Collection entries

[Start of section]

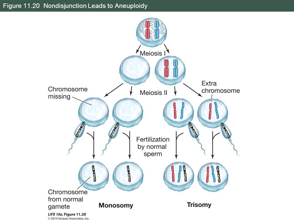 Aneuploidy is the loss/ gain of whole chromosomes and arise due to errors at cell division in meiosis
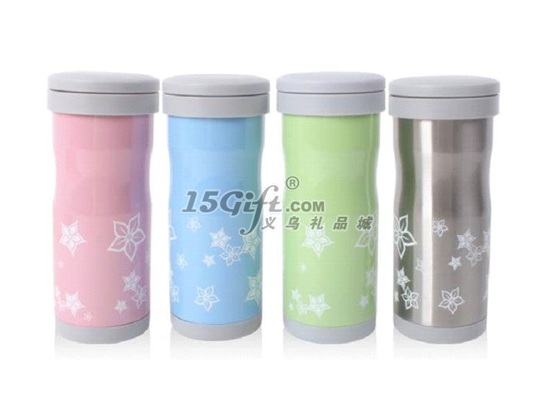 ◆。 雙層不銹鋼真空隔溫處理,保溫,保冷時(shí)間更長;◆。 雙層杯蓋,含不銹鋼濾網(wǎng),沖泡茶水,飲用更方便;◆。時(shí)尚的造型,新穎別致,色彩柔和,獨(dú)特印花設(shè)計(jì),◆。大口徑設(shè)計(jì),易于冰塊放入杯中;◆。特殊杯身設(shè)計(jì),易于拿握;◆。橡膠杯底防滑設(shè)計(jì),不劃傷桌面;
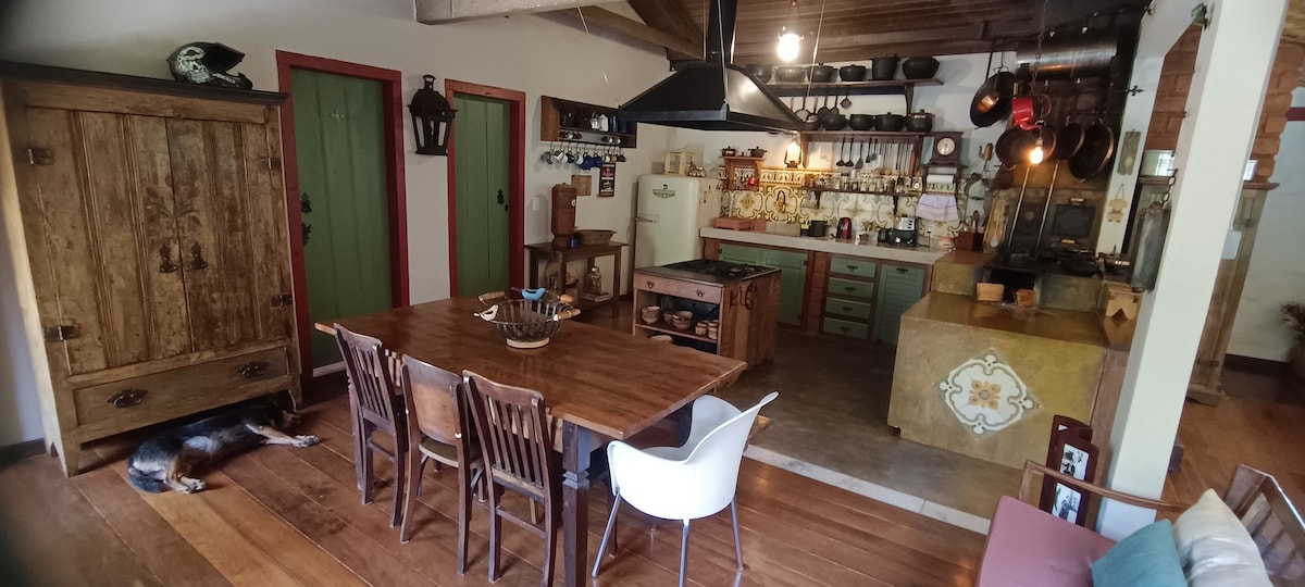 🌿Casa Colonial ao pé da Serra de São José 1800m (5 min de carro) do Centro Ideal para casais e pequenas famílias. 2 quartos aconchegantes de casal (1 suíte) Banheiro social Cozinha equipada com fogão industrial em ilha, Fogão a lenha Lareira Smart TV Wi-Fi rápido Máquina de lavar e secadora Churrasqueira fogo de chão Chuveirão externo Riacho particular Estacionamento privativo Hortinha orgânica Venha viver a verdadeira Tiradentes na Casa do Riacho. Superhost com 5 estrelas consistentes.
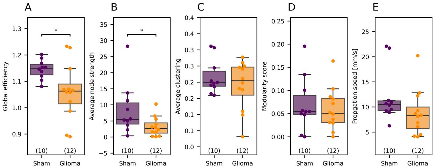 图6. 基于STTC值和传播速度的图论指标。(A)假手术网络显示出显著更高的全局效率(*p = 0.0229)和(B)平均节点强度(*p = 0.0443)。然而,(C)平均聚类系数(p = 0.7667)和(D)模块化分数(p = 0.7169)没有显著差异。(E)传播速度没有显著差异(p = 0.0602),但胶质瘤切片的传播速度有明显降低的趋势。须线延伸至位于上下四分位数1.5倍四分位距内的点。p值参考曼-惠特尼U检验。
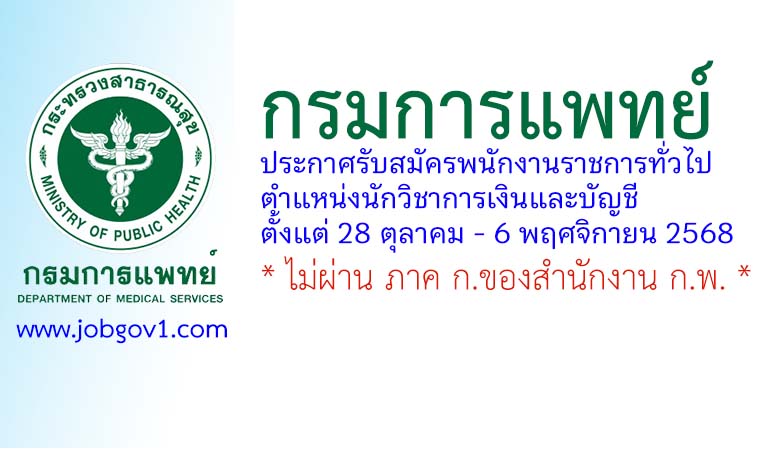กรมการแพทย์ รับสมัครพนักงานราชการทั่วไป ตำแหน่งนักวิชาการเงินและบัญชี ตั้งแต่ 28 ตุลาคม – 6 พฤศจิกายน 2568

[End of section]

== WHAT IS REQUIRED ==
Leave the images behind and write out every entry exactly.

== OUTPUT OF THE EXERCISE ==
 Aneuploidy is the loss/ gain of whole chromosomes and arise due to errors at cell division in meiosis
 ◆。 雙層不銹鋼真空隔溫處理,保溫,保冷時(shí)間更長;◆。 雙層杯蓋,含不銹鋼濾網(wǎng),沖泡茶水,飲用更方便;◆。時(shí)尚的造型,新穎別致,色彩柔和,獨(dú)特印花設(shè)計(jì),◆。大口徑設(shè)計(jì),易于冰塊放入杯中;◆。特殊杯身設(shè)計(jì),易于拿握;◆。橡膠杯底防滑設(shè)計(jì),不劃傷桌面;
 🌿Casa Colonial ao pé da Serra de São José 1800m (5 min de carro) do Centro Ideal para casais e pequenas famílias. 2 quartos aconchegantes de casal (1 suíte) Banheiro social Cozinha equipada com fogão industrial em ilha, Fogão a lenha Lareira Smart TV Wi-Fi rápido Máquina de lavar e secadora Churrasqueira fogo de chão Chuveirão externo Riacho particular Estacionamento privativo Hortinha orgânica Venha viver a verdadeira Tiradentes na Casa do Riacho. Superhost com 5 estrelas consistentes.
 图6. 基于STTC值和传播速度的图论指标。(A)假手术网络显示出显著更高的全局效率(*p = 0.0229)和(B)平均节点强度(*p = 0.0443)。然而,(C)平均聚类系数(p = 0.7667)和(D)模块化分数(p = 0.7169)没有显著差异。(E)传播速度没有显著差异(p = 0.0602),但胶质瘤切片的传播速度有明显降低的趋势。须线延伸至位于上下四分位数1.5倍四分位距内的点。p值参考曼-惠特尼U检验。
กรมการแพทย์ รับสมัครพนักงานราชการทั่วไป ตำแหน่งนักวิชาการเงินและบัญชี ตั้งแต่ 28 ตุลาคม – 6 พฤศจิกายน 2568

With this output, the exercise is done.